Reportedly, Louisiana teachers have not seen a raise in at least ten years.

“These tax exemptions that Exxon and other plants are asking for could fund our school system to make sure our co-workers receive a raise,” said Angela Reams-Brown, with the EBR Federation of Teachers Association.

Governor John Bel Edwards released changes to the rules of governing the state’s industrial tax exemption program, or ITEP, on local property taxes.

We’ve talked about this ITEP thing more and more lately, including in this morning’s post about John Bel Edwards’ re-election chances. The ITEP debate is one of those in-the-weeds policy issues which will give you a migraine the more you examine it, but the upshot here is that Louisiana is generally regarded as a terrible place to do business and that’s why you don’t see a lot of high-tech industries or finished goods manufacturing setting up shop here. The state’s public education is awful, the tax code isn’t competitive and the politicians are generally regarded as crooks – not to mention Louisiana is crawling with plaintiff attorneys who have sued us into oblivion, so much so that most of the billboards on the highways don’t advertise cell phone service or restaurants or tourist attractions but instead have some guy’s smirking mug next to an unforgettable phone number you can call to get rich as soon as you wreck your car.

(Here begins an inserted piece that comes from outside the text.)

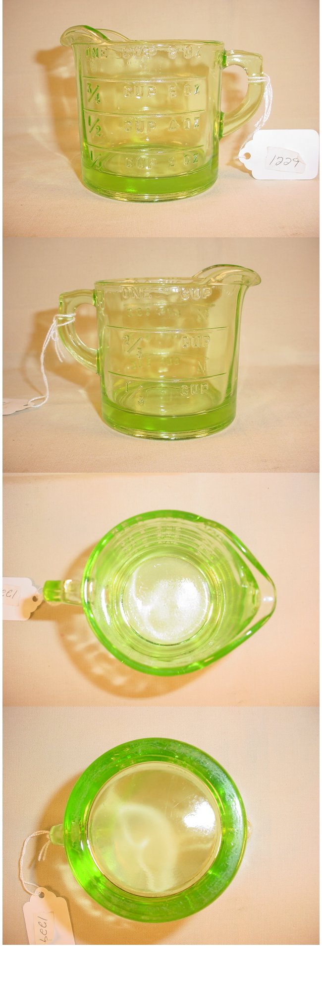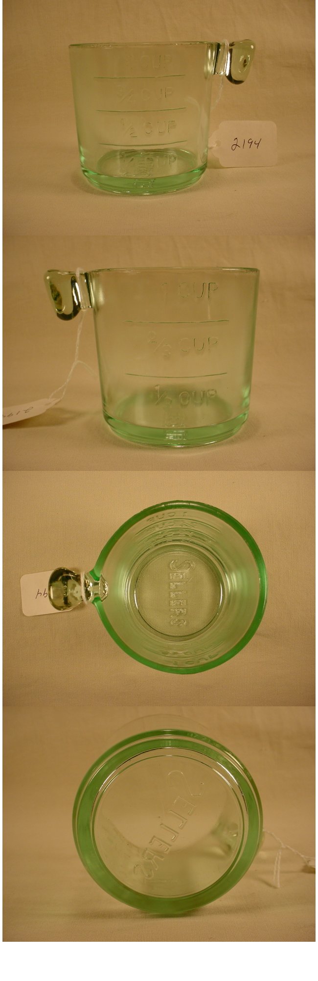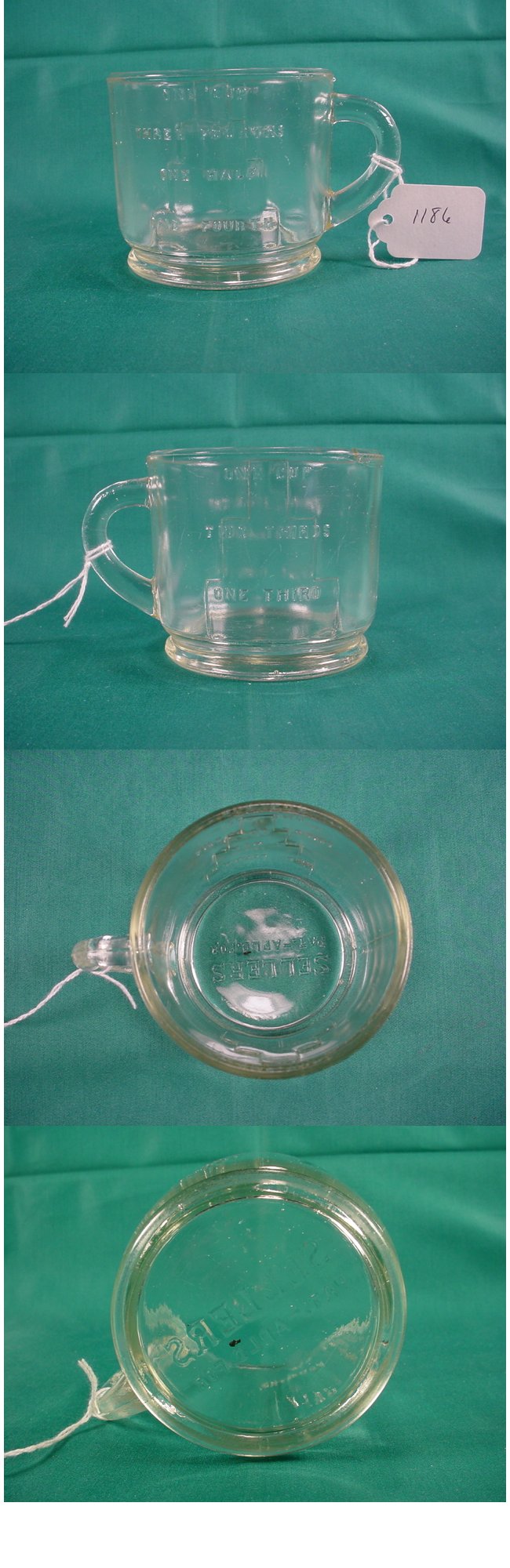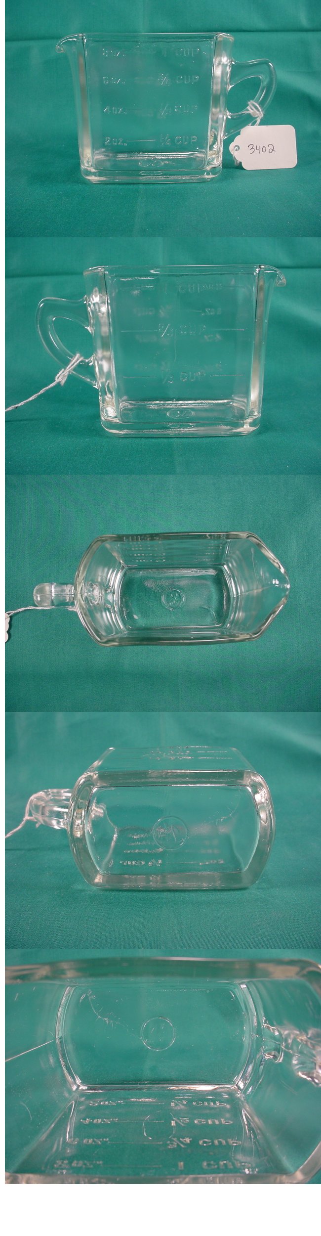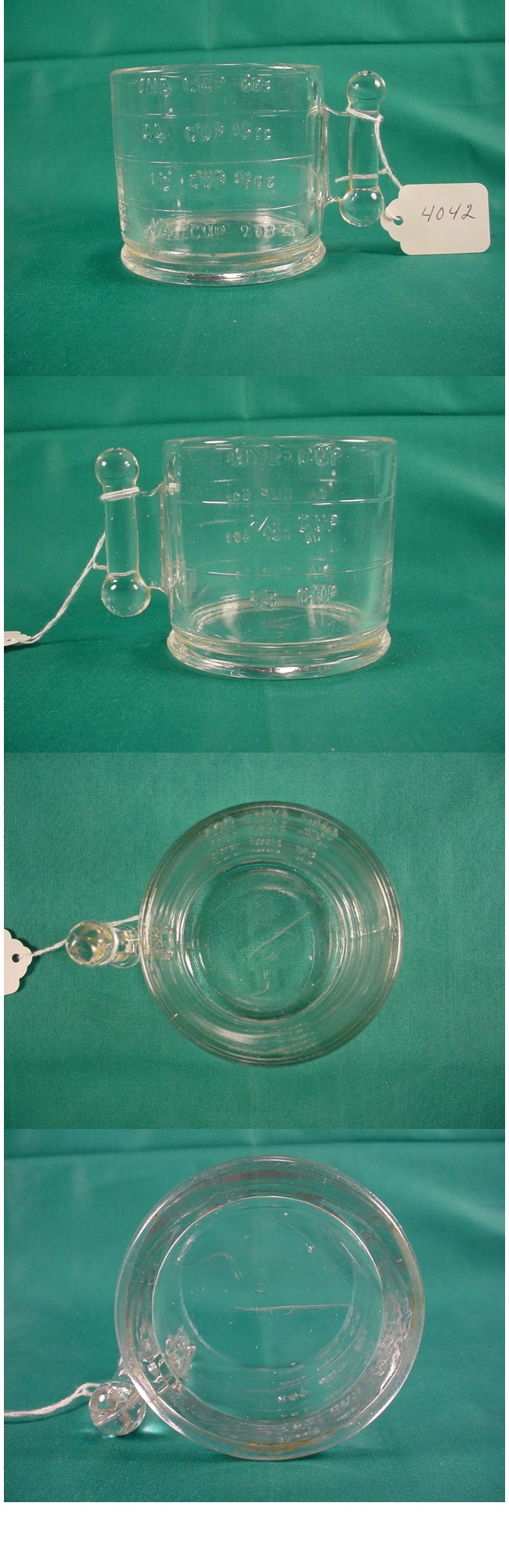 three large pouring spouts that I believe was made by Hocking Glass Co. It is marked in 1/4 cup and oz. increments on one side

Because of that intolerably bad business climate, and because the politicians lack the will to junk our putrid tax code in favor of something that would compete with Texas, Florida or Tennessee, ITEP is Louisiana’s workaround to get and keep the large employers, the plurality of which are in the petrochemical industry, from taking their capital investment dollars across the Sabine.

Say what you want about the tenure of Bobby Jindal as governor, and there is a lot you can complain about where Jindal is concerned, but one thing you can’t attack Jindal on was economic development. Jindal’s administration leveraged ITEP to unleash a boom in capital expansion in Louisiana – better than $150 billion was spent in the state due to some aggressive work by Louisiana Economic Development while he was governor. That boom is still spitting out economic development wins Edwards frequently attempts to take credit for, though it’s rapidly petering out, and mostly because of what Edwards did to ITEP.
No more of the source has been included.